What doesn’t need any work at all is the PedEgg, which, as far as I’m concerned, does exactly what the ads say it will do.
And so does the Samurai Shark. For the first time in memory, every pair of scissors and every knife I own is sharp.
time, tide, and sigh
As the moment of the Solstice approached the beach at York, Maine, the sea turned an irridescent aqua and the sky poured up from it into a haze of that “sky-blue-pink” that no one believes is a real color — but it is. Real. And then the sun slipped behind the houses of the beach town, the sea vista slid into silver and then cerulean, and the stretch of sky above the dimly lit shoreline hung out a perfect slice of moon.
I had forgotton to bring my camera, what with having to remember all that paraphernalia. You know, Tibetan bell, rune stones, words — all that stuff of art and poetry and human hope. But more on that later.

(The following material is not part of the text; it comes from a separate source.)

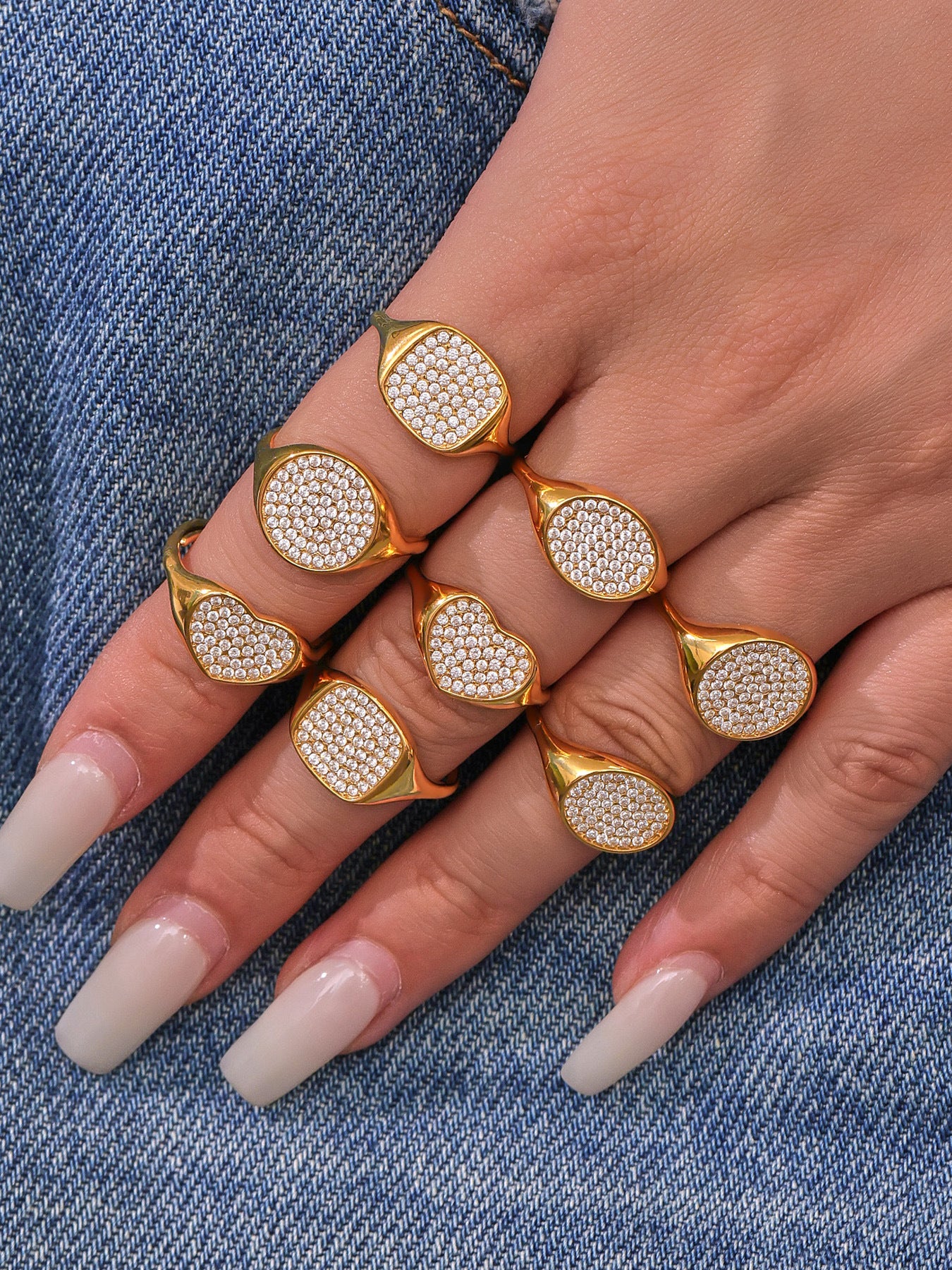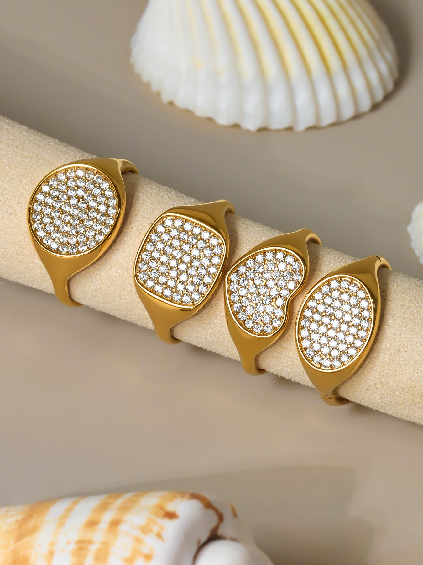 Constructed from sturdy titanium steel with a luminous 18K gold tone, this ring offers durability without compromising on a refined, jewelry-grade appearance. The standout zircon accents deliver brilliant sparkle that catches the light from every angle.

For now, suffice it to say that I’m back from my five days at Long Sands, York Beach, with bronchitis and a low-grade strep infection that’s raging high-grade in my throat. Ya’ can’t win ’em all.
Aside from a one-day trip north to Freeport to the L.L. Bean and The Children’s Place outlets, we spent most of the week reading and walking on the beach. This was usually my view when I was ensconced at the cottage (that’s my bare toe-polished foot sticking out in the middle of the picture):
As usual, I didn’t bring enough books to read, so I picked up a spur-of-the-moment paperback when we stopped at Hannaford. I Love You Like a Tomato — in the voice of a young female Italian immigrant, who keeps trying to make her grandmother’s Old World magic work in her troublesome new world. You don’t have to be Italian to love Chi Chi Maggiordino who, tries, as she says to “put to GOOD use the power of the Evil Eye.”

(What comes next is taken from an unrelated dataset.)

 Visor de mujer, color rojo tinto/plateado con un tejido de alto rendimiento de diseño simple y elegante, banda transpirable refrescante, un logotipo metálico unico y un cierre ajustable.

When I wasn’t reading, I was walking on the beach — usually without my camera. Except for the one really rainy day, when we went poking around the snail-covered rocks at low tide.
As it turned out, we spent the nicest day shopping. And eating lobster. Twice. And looking for toy rockets for my grandson.
There were supposed to be three of us, but it wound up there there were only two. When it came to our plans for the Solstice, however, we included the third in absentia. Three. You have to have three.